Он кивнул в сторону второго мальчика со смышленым лицом, темными кудрями и белозубой улыбкой, который грациозно поклонился ей. За ним, минуя узкий, темный коридор Ника поднялась по широкой мраморной лестнице чьи стены были увешаны гобеленами, и уставленны вазами с источающими тонкий аромат, розами. Повернув в коридор, освещенный восковыми свечами в медных канделябрах, они дошла до дубовой двери, в которую мальчик, взявшись за медное кольцо, негромко стукнул. Дверь распахнулась и паж отступил, пропуская в нее Нику. Встретивший ее мажордом, жестом поманил гостью за собой. Она прошла мимо кровати-алькова с задернутыми тяжелыми занавесями. Их шаги скрадывал толстый ворс ковра.
Герцог сидел в глубоком кресле у жарко горящего камина, кутаясь в просторный упленд подбитый мехом. Ника поклонилась ему, а верный мажордом устроился на низкой скамеечке у его ног и принялся растирать ему руки.

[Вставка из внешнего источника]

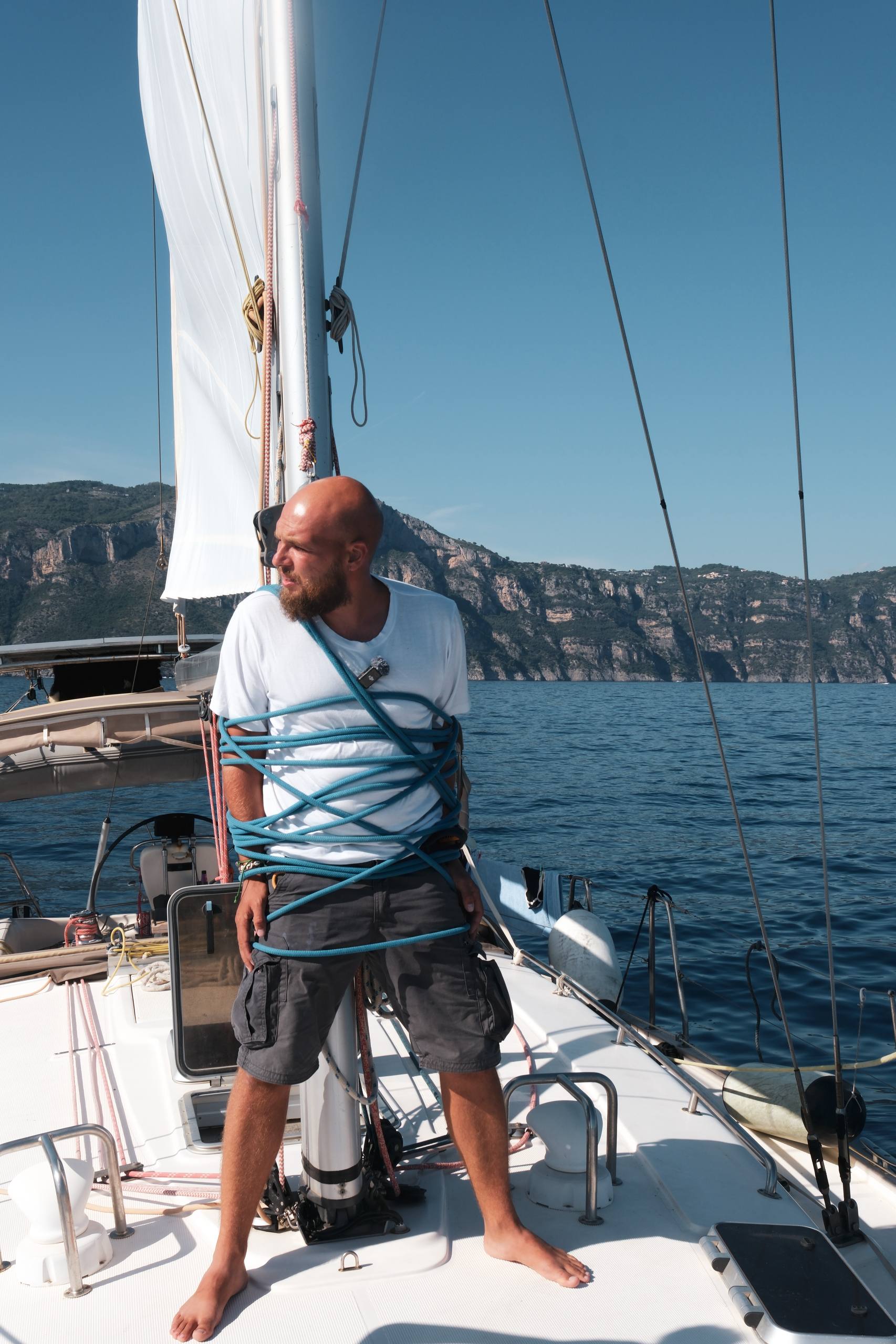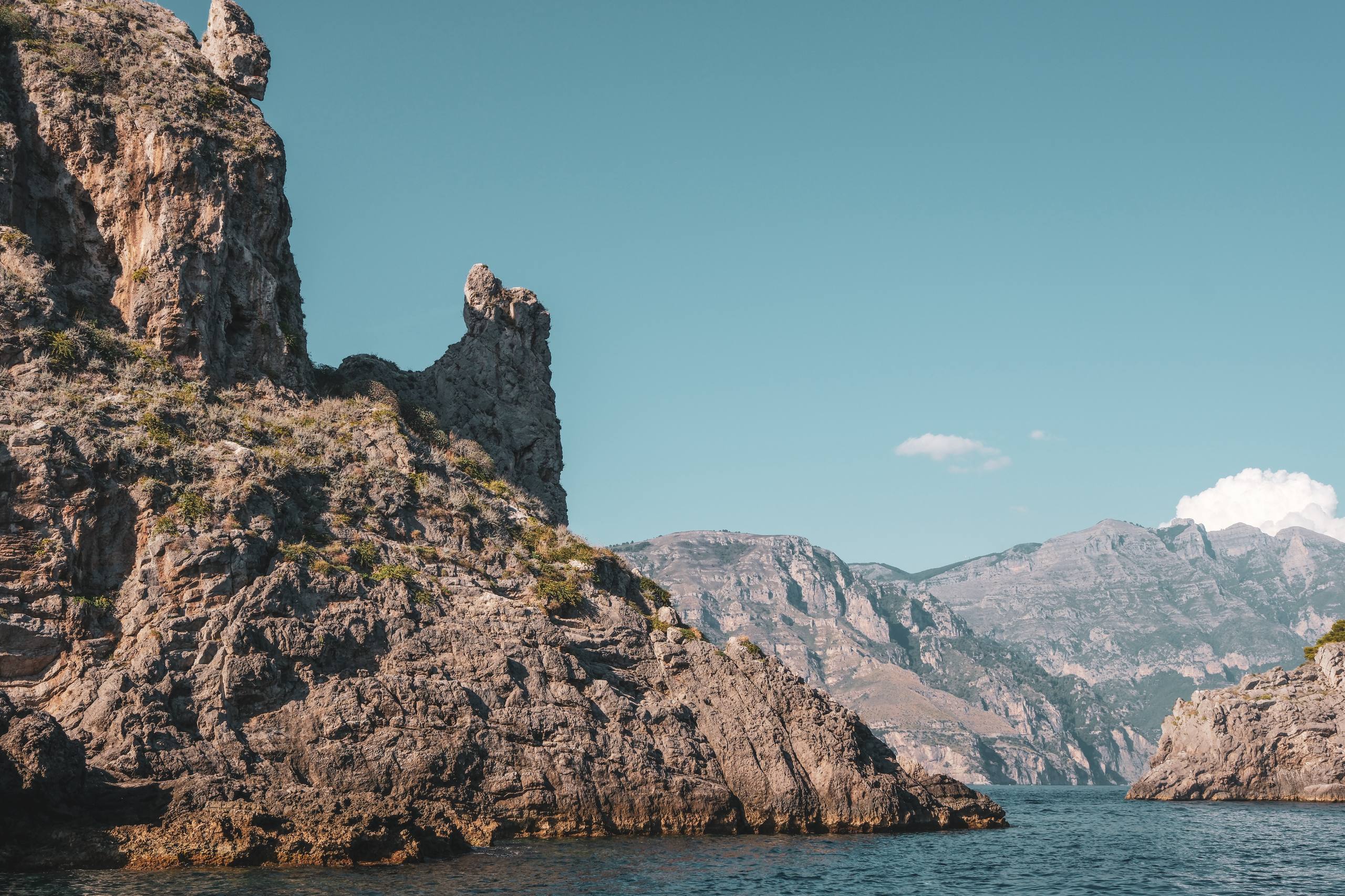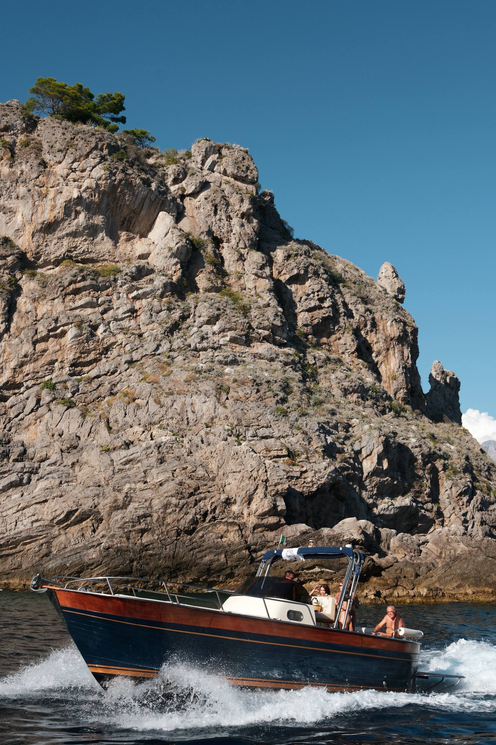 Я давно изучал карты разных лет, поэтому твёрдо знал: подходящие скалы только одни — это острова ли Галли. Они лежат в нескольких милях от знаменитого амальфитанского побережья. Погода так себе — штиль, так что идём под мотором. Зато тепло и солнце!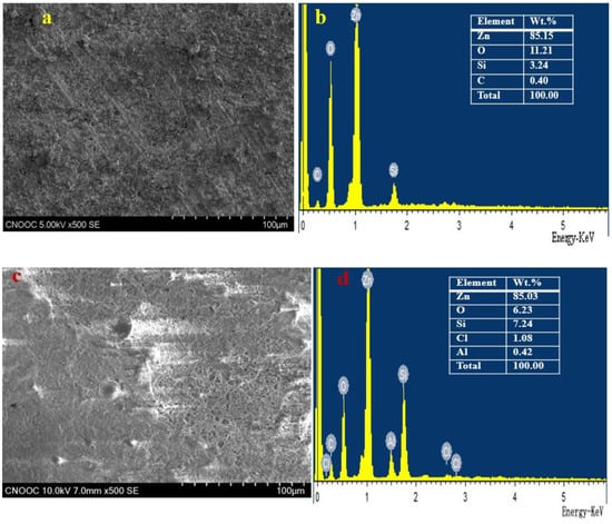 Analysis of the surface microstructure of the inorganic zinc-rich coating: (a,b) SEM photograph and EDS pattern of inorganic zinc-rich coating without salt spray; (c,d) SEM photograph and EDS pattern of inorganic zinc-rich coating after salt spraying for 7500 h.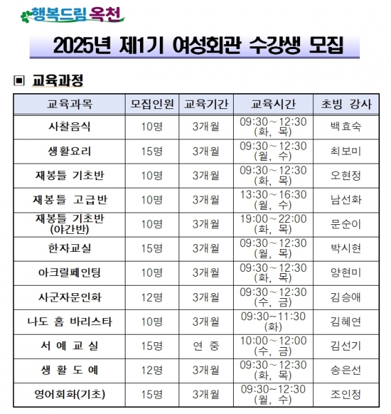 [충청뉴스큐] 옥천군은 여성들의 잠재된 능력을 개발할 수 있도록 2025년 제1기 여성회관 기술·취미교육 수강생을 2월 6일부터 14일까지 모집한다.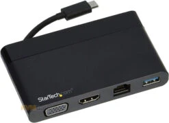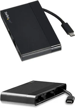 Ideal for mobile workers, this USB-C multiport adapter with HDMI and VGA gives you flexible video output. It’s like four adapters in one, with HDMI or VGA connections, a Gigabit Ethernet port and a USB 3.0 port, all through one connection to your laptop’s USB-C port. Plus, it features a hideaway cable for better cable management and easier travel.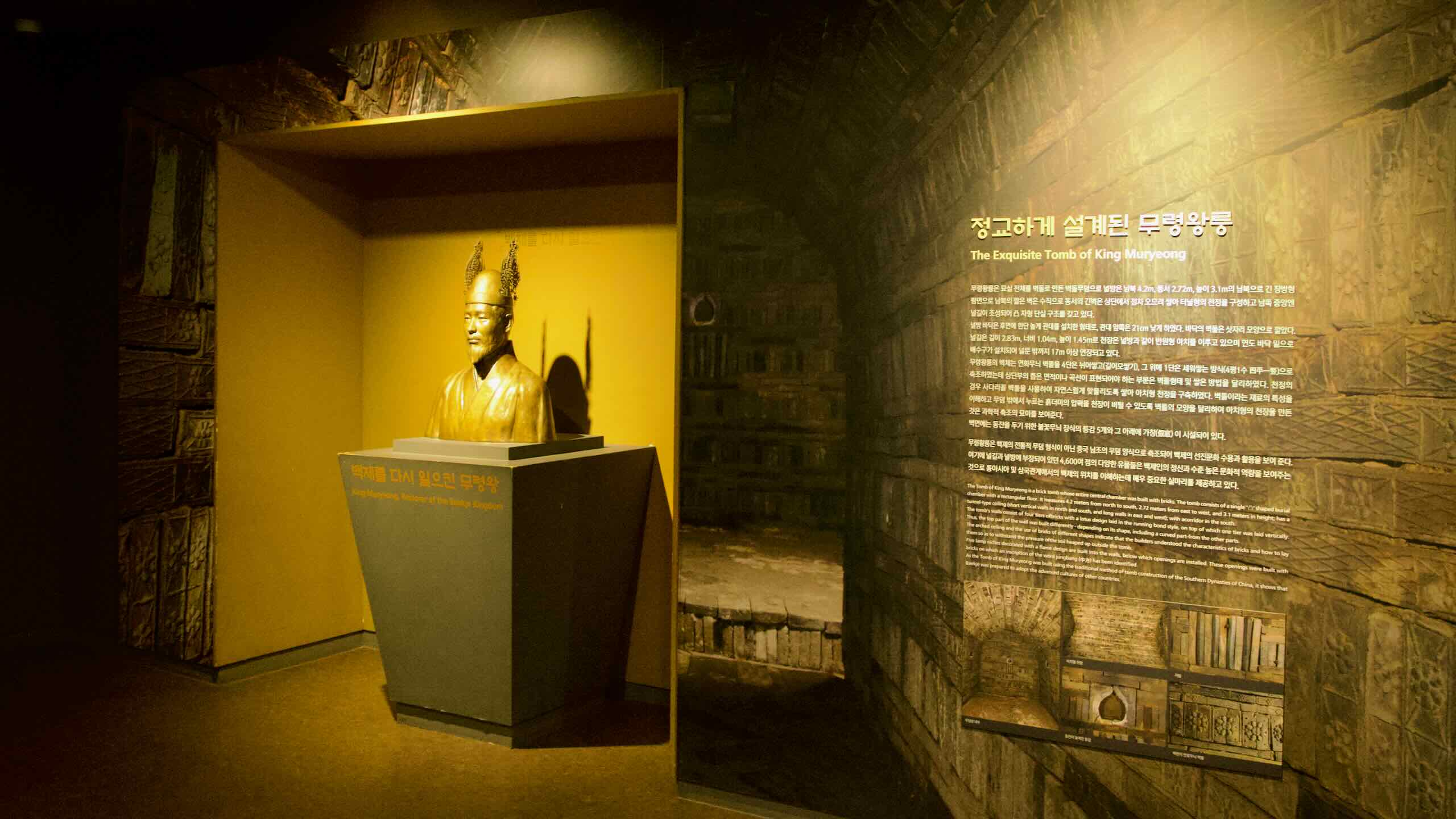 The tomb follows a Chinese-inspired brick chamber design, contrasting with the stone-lined tombs typical of Baekje. Measuring 4.2 meters in length and 2.7 meters in width, the tomb features an arched ceiling and intricate lotus-patterned bricks. These design elements reflect Baekje’s adoption and adaptation of influences from the Liang dynasty.

— Вы пели превосходно, дитя мое, — слабо произнес герцог, и Ника подивилась насколько же он, оказывается, дряхл.
— Однако же, справедливости ради стоит заметить, что ваш голос по силе много слабее голоса Джеромо.
— Я это знаю, ваша светлость.
— Как и то, что завтра вас ждет нелегкое состязание с сим менестрелем? И я, даже, не в состоянии предположить, что он предпримет, чтобы навредить вам. Положитесь на волю Вседержителя и не огорчайтесь, чем бы для вас не окончилось завтрашнее состязание. Уверяю вас, вы уже завоевали себе немало верных сторонников, среди которых нахожусь и я. Однако, я должен быть беспристрастным, не смотря на мою к вам расположенность.
— Да. Я понимаю.
— Ты необычайная девушка. Я это вижу. Иначе, как бы ты сумела покорить холодное сердце дроу настолько, что он с готовностью принес себя в жертву для тебя.
— Я обычная. Необычен мой супруг.
— И он знает, что ты смертная?
— Да, ваша светлость.
— Тем более это удивительно. Видимо, наступает время великих перемен — качая головой, проговорил герцог.
— Но мы не знаем истинного положения вещей, — поднял голову мажордом, продолжая растирать руки старика — В чем тут дело? Может дроу околдовал бедняжку, или настолько запугал, что подчинил ее вою своей.
— Это так? — глянул герцог на Нику.
— Конечно, нет.
— Но может быть тебя и дроу объединяет какая-то тайна?
Ника вздрогнула, испугавшись проницательности герцога.
— Значит не из страха, не очарованная магией и не из боязни, что твоя тайна откроется, ты следуешь за ним? В то, что тебя привязывает к нему любовь, я поверить не могу. Может он соблазнил тебя, пообещав нечто такое..? — герцог не договорил, пристально вглядевшись в ее лицо.
— Да, — прошептала Ника.
— О! — оживился он — Верно, дроу пообещал исполнить твою мечту? Так о чем же она, дитя мое? О чем твои грезы?
Глаза герцога странно блестели и Ника насторожилась — она не понимала, куда он клонит. Их разговор казался ей странным.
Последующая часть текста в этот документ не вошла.